WORK REQUEST: Restate word for word the lines below, from the one containing "pets, tags, etc." through the final line, with no pictures included.

DATASET EXTRACT:
◆ ◆ ◆
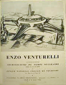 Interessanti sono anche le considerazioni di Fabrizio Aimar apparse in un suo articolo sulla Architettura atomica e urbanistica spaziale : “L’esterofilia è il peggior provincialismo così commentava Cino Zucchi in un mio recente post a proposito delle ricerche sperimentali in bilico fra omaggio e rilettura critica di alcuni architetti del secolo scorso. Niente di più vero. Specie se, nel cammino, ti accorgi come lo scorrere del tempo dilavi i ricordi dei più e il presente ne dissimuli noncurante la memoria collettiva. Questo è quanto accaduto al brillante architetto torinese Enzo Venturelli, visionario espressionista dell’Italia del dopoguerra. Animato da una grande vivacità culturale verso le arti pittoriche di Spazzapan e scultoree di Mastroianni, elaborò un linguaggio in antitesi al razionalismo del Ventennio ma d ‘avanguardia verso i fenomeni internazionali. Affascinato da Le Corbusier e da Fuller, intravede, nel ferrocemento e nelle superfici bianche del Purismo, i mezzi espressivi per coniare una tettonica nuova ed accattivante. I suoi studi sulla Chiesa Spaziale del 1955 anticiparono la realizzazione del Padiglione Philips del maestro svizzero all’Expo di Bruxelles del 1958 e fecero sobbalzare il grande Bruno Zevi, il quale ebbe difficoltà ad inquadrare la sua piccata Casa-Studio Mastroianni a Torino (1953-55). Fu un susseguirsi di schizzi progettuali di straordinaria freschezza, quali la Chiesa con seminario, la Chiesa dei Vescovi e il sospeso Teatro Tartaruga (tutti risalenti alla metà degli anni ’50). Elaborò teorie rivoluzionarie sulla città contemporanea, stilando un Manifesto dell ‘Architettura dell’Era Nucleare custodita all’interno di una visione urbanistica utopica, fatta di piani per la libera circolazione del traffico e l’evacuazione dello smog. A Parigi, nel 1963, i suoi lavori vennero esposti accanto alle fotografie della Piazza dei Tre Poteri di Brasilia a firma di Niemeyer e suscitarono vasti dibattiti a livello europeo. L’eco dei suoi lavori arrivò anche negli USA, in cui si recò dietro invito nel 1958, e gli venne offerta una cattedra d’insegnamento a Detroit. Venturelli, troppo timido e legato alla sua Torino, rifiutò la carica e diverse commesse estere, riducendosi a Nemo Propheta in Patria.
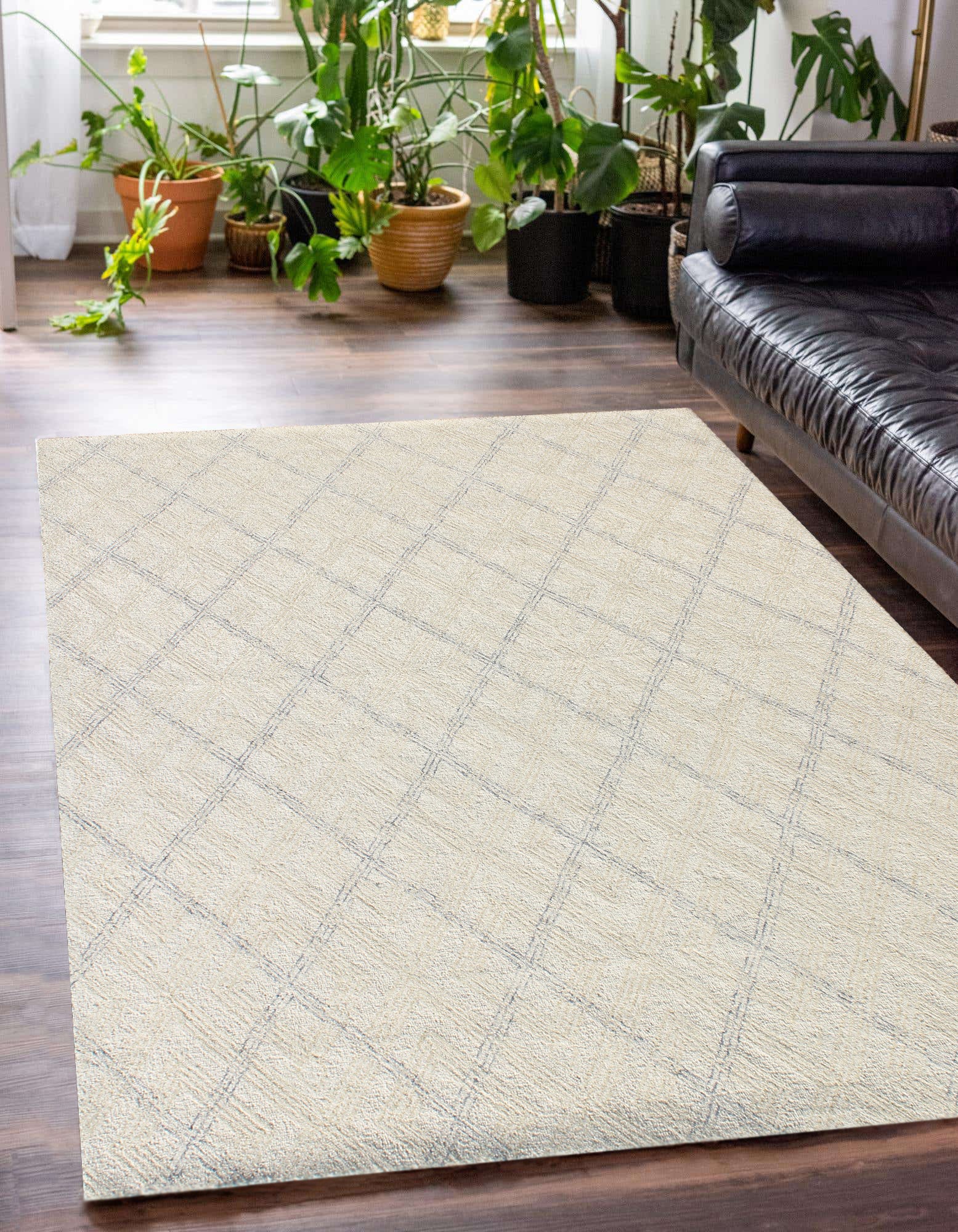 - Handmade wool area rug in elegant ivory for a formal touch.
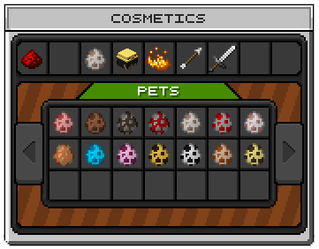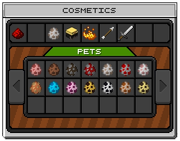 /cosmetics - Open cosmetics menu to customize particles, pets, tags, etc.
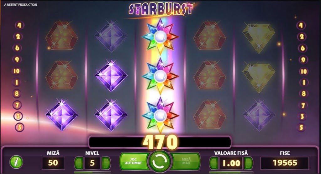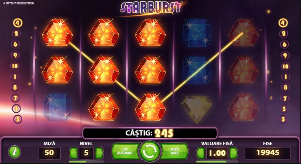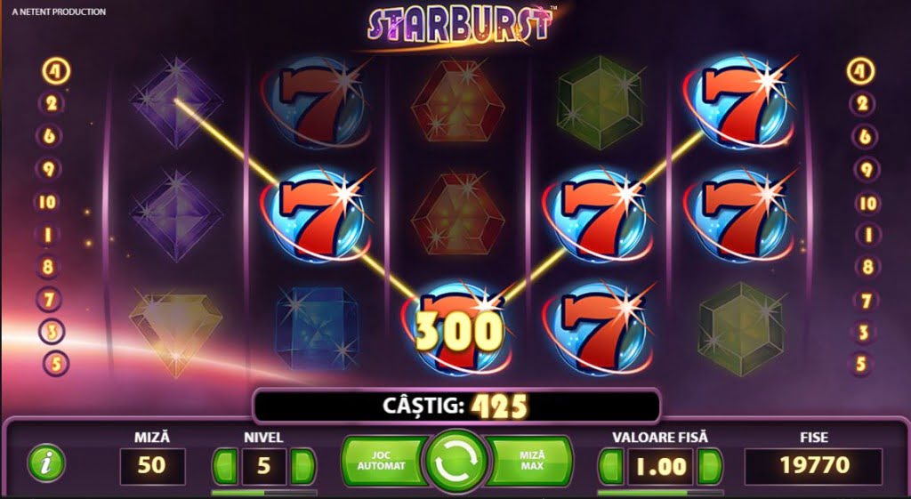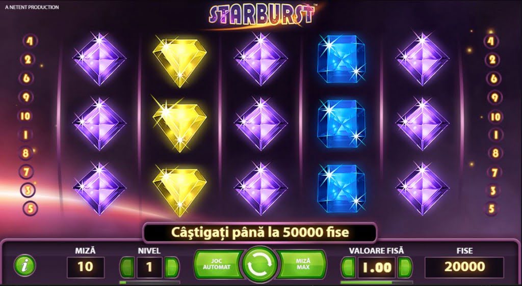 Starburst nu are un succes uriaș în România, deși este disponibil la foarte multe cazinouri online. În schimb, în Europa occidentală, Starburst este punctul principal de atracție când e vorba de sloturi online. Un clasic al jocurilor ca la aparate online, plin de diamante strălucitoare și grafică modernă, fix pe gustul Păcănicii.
◆ ◆ ◆
ANSWER BELOW:
 /cosmetics - Open cosmetics menu to customize particles, pets, tags, etc.
 Starburst nu are un succes uriaș în România, deși este disponibil la foarte multe cazinouri online. În schimb, în Europa occidentală, Starburst este punctul principal de atracție când e vorba de sloturi online. Un clasic al jocurilor ca la aparate online, plin de diamante strălucitoare și grafică modernă, fix pe gustul Păcănicii.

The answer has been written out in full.